The state has tried to deal with the burgeoning booze culture by trying to civilise it. We can’t tell people how to live their lives anymore, but we can encourage them to be more responsible - to “treat alcohol with respect” as the current Scottish Executive manta puts it, with unintended irony. The phrase almost implies the bottle itself is somehow worthy of respect.
The Scottish Executive, in its new legislation, has sensibly moved against the most egregious aspects of the drink culture - the happy hours and other promotions. It has staggered licensing hours so that there is no longer a mad dash to consume as much as possible before closing time. It sought to educate young people with some rather good advertising campaigns, which were of course attacked in the press as a waste of public money.
But compared with the commercial firepower of the drinks industry they were, well, relieving themselves into the wind. Of course prohibition would be folly, as it was in America. Most people do use alcohol responsibly. But the social and personal cost of booze is becoming intolerable, and something will have to be done; there is a cost and it has to be paid.
The time has come to restore the price of drink to something like the levels in the fifties and sixties. Scandinavian countries never allowed drink to become cheap - and in Norway it costs six pounds for a gin and tonic.

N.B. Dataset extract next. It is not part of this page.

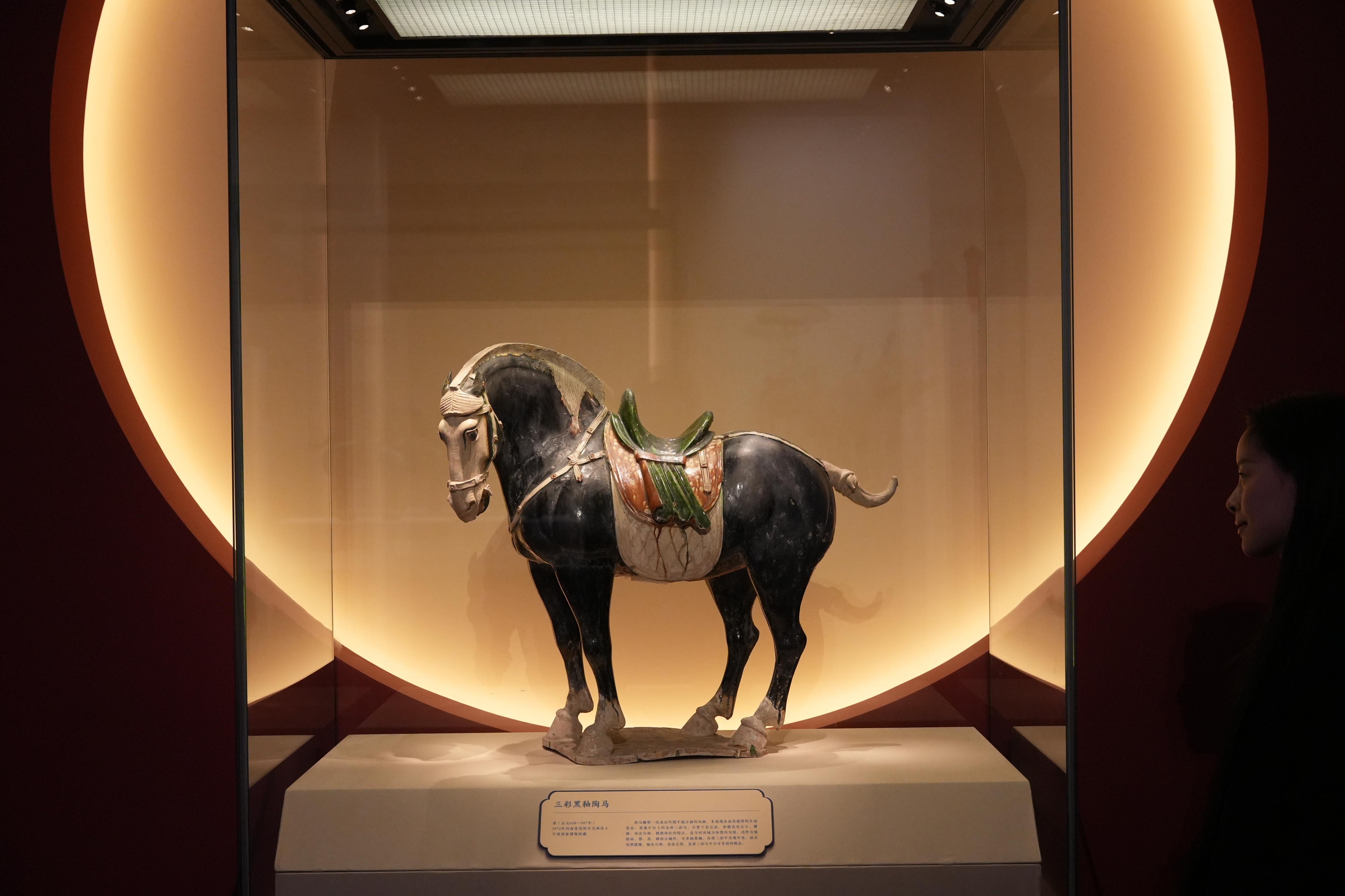 一同展出的還有國(guó)博館藏的三彩黑釉陶馬。除了面、鬃、尾、蹄涂白釉,它全身披黑釉,在唐三彩中實(shí)屬罕見(jiàn),而且造型雄健,釉色勻稱(chēng),姿態(tài)自然,是唐三彩馬中不可多得的精品。圍繞該藏品,國(guó)博還推出了“一匹黑馬”系列馬年限定文創(chuàng)產(chǎn)品。

It’s a pretty rough and ready answer, and moral responsibility would bepreferable. But we don’t do moralising any more, so it looks as if swingeing increases in alcohol duty are the only way to bring the party to an end. And I suspect Gordon Brown - biographer of Maxton and other temperance socialists - will have no qualms about taking the battle against the bottle into Number Ten.
Until then, we are drinking in the last chance saloon. Cheers - and a happy Christmas.